= Helmut Zapf =

German composer

Helmut Zapf (born 4 March 1956) is a German composer.

== Life ==
Born in Rauschengesees, Thüringen, Zapf studied church music from 1974 until 1979 at the Kirchenmusikschulen Eisenach (Thüringen) and the Evangelische Hochschule für Kirchenmusik Halle.
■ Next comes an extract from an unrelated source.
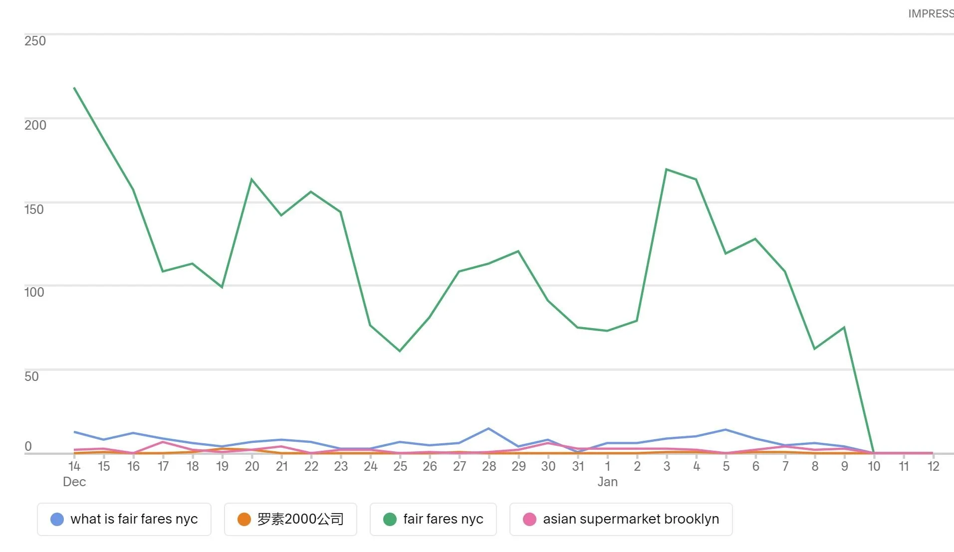 In terms of overall SEO we can see that the website is getting a decent amount of organic search traffic. The problem is that it is mostly for one keyword that is unrelated to our core business - “fair fares nyc”.

During this time Zapf took part in the Summer Courses for Neue Musik in Gera (Thuringia).

After graduating, he worked as Kantor at the city church in Eisenberg (Thuringia) from 1979 to 1982. Until the beginning of his Meisterschülerstudium with Georg Katzer at the Akademie der Künste der DDR in Berlin (1982–1986), he wrote his first self-taught compositions, among others Singender Mann for solo flute, Brechungen I und II for flute and string trio, Klangetüde II for orchestra, Recitativ for oboe and string quartet.

Since completing his masterclass, Zapf has lived and worked as self employed composer in Zepernick (Panketal) near Berlin.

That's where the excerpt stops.